Stimulus packages can be used to finance public works programmes in order to spur economic recovery in a way that is compatible with climate objectives (Hallegatte and Hammer, 2020). This implies pursuing economic recovery with a strong social focus on the inequalities of climate change, creating new low-carbon investments and green jobs, and reinvesting fuel taxes in social protection.
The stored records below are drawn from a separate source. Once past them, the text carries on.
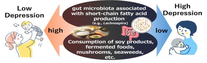 此外,饮食中摄取豆制品、纳豆、酸奶、海藻、蘑菇和粗粮较多的研究对象,其产后抑郁症状较轻、身体状况更好,肠道内与短链脂肪酸产生有关的细菌相对量较多,而埃希氏菌等病原菌相对量较少。
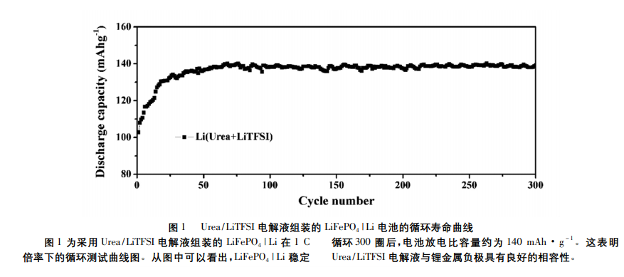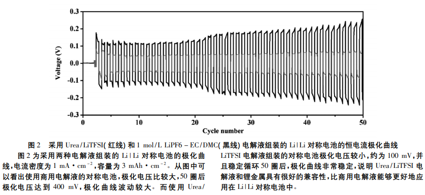 1991 年,索尼公司將鋰離子電池商業化。自此以後,鋰離子電池在電子産品中迅速髮展。現如今,電動汽車的迅速髮展,對高比能鋰離子電池的需求更加迫切。然而,目前最先進的鋰離子電池的能量密度隻能達到 250 Wh·kg - 1,已經不能滿足高比能的要求。鋰金屬負極具有超高的理論比容量( 3860mAh·g - 1) ,開髮鋰金屬電池能夠實現高能量密度的要求。然而,目前傳統的商用電解液不能很好地應用於鋰金屬電池中,這主要是因爲鋰金屬具有強還原性,與電解液會髮生副反應,形成鋰枝晶。鋰枝晶在電池循環過程中會進一步生長,刺穿隔膜,導緻電池短路甚至髮生爆炸。此外,傳統商用電解液的電化學窗口比較窄、易揮髮、易燃等缺點也進一步限製瞭其在鋰金屬電池中的應用。深共融溶劑主要由氫鍵受體( 季銨鹽、兩性離子等) 和氫鍵供體( 尿素、三氟乙醯胺等) 組成。作爲新型的離子液體( ILs) ,深共融溶劑具有高離子電導率、良好的熱穩定性和較寬的電化學窗口等諸多優點。據報道,尿素( Urea) 和 雙三氟甲烷磺醯亞胺鋰鹽( LiTFSI) 可以在室溫下形成深共融體繫,錶現齣良好的離子電導率,能夠應用於鋰離子電池中。然而,目前關於尿素基深共融電解液應用於鋰金屬電池中的報道相對較少。基於此,本文將 Urea /LiTFSI 形成的深共融電解液應用於LiFePO4 | Li,Li | Li 對稱電池。結果錶明該電解液在 LiFePO4 | Li電池中能夠穩定循環 300 圈( 1 C 倍率) 。與傳統的商用電解液相比,Urea / LiTFSI 電解液組裝的 Li | Li 對稱電池錶現齣更小的極化電壓。
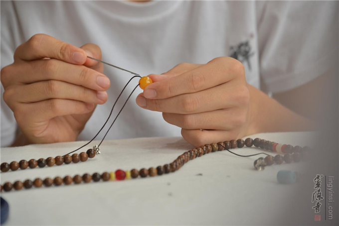 在家菩萨戴装饰品的时候,如戴耳环、项链、戒指等等装饰品的时候,要能提起正念,愿一切众生都能警觉,这些装饰品是虚假的庄严。愿一切众生,以福慧为庄严,以悲智为璎珞,以直心为道场,以自性清净为真实处;
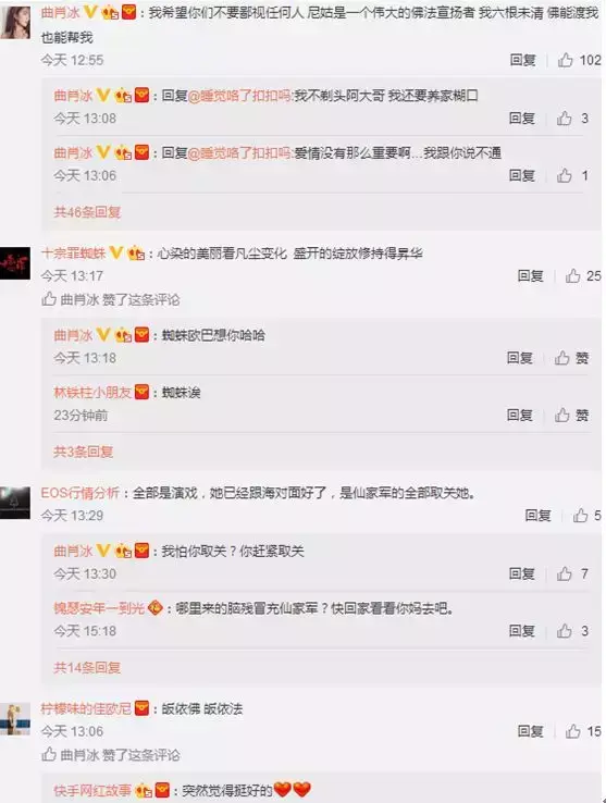 曲肖冰昨日的微博发声要出家,此话题引来热议称其炒作。曲肖冰今日再次更新微博为自己证明已出家,速度极快说到做到啊。

These are the kinds of measures that will cut carbon emissions while improving lives and increasing community resilience to climate risks.

Both sides of the Mediterranean could benefit substantially from a new energy partnership that unfolds on a win-win scenario and puts the focus on the corporate sector: energy supply and demand security, the development of the industrial base, more jobs in the energy sector and in affiliated sectors, more competitive companies, economic benefits through economies of scale and a reduced environmental impact. To materialize this partnership and regain the progress made toward the energy transition, policymakers should invest in research and development, expanding human capital and modernizing energy infrastructure, particularly in the southern Mediterranean countries.